Hi, Kailee,
The US receives 2379 kJ/m^2 energy per hour. We need to multiply that by the total area in the US, which is 9,158,960 km^2. The problem is that one is expressed in km^2 and the other as m^2. So we need to convert one of the units. The question does not specify which unit it wants the answer to have, so I'm going to pick one - km^2, since the amount of energy is already large for a large area. But you could also pick m^2.
[I left out the "per hour" in these figures to keep it simple, and since the answer request per hour. But you could add this unit if the question asked for something like "over a 24 hours period. But, most places don't get 24 hours of continuous sunshine].

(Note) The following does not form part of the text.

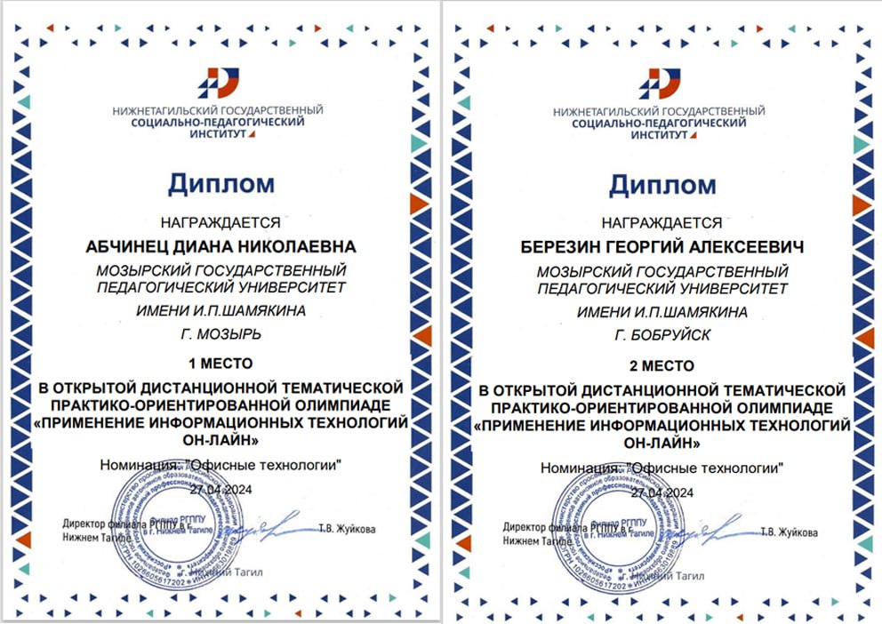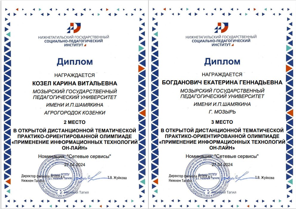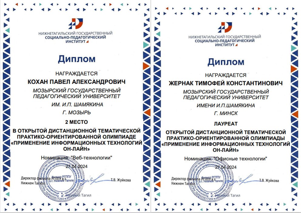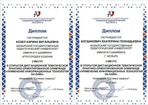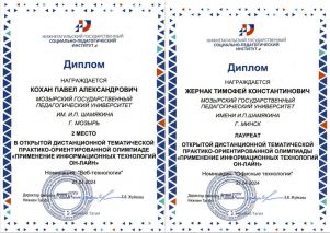 Кохан П. (3 к., 1 гр. - Диплом 2 ст. "Веб технологии"), Абчинец Д. (2 к., 1 гр. - Диплом 1 ст. "Офисные технологии on-line"), Козел К. (1 к., 1 гр. - Диплом 2 ст. "Интернет и сетевые сервисы"), Богданович Е. (1 к., 1 гр. - Диплом 3 ст. "Интернет и сетевые сервисы"), Березин Г. (1 к., 1 гр. - Диплом 2 ст. "Офисные технологии on-line").

Since 1,000 m = 1 km, I can make a conversion factor that changes m^2 to km^2 by squaring both sides:
1,000,000 m^2 = 1 km^2, or 1xE6 m^2 = 1 km^2
Depending on what conversion I want, put divide one side by the other to produce either:
- 1xE6m^2/1km^2, or
- 1km^2/1xE6m^2
You'll agree that both reduce to a value of "1," since both the quotient and the denominator are equal. That means I am free to multiply them against any value, since they won't change the result, with the exception that the units will change.
Let's express the energy density as unit/km^2 instead of unit/m^2. That way I'll have a number that I can apply directly with the value of US area in km^2, so that the km^2 will cancel.
2379 kJ^m^2/(1000000m^2/km^2)
The m^2 cancel and the km^2 moves to the top. = 0.002379 kJ/km^2; the energy density in kJ per km^2.
Then we multiply the US surface area (in km^2) by this value to give the total energy per hour (assuming it's daytime :)).
0.002379 kJ/km^2 * 9188960 km^2 = 21789.17 kJ
We are limited to 4 significant digits, so the answer is 21,790 kJ.
This can be expressed in a larger unit, such as 217.9 GJ (gigaJoules) or 21.79 TJ (teraJoules).
[These numbers assume it is daylight, no clouds, no volcanoes, and no light reflect from aircraft. But I digress.]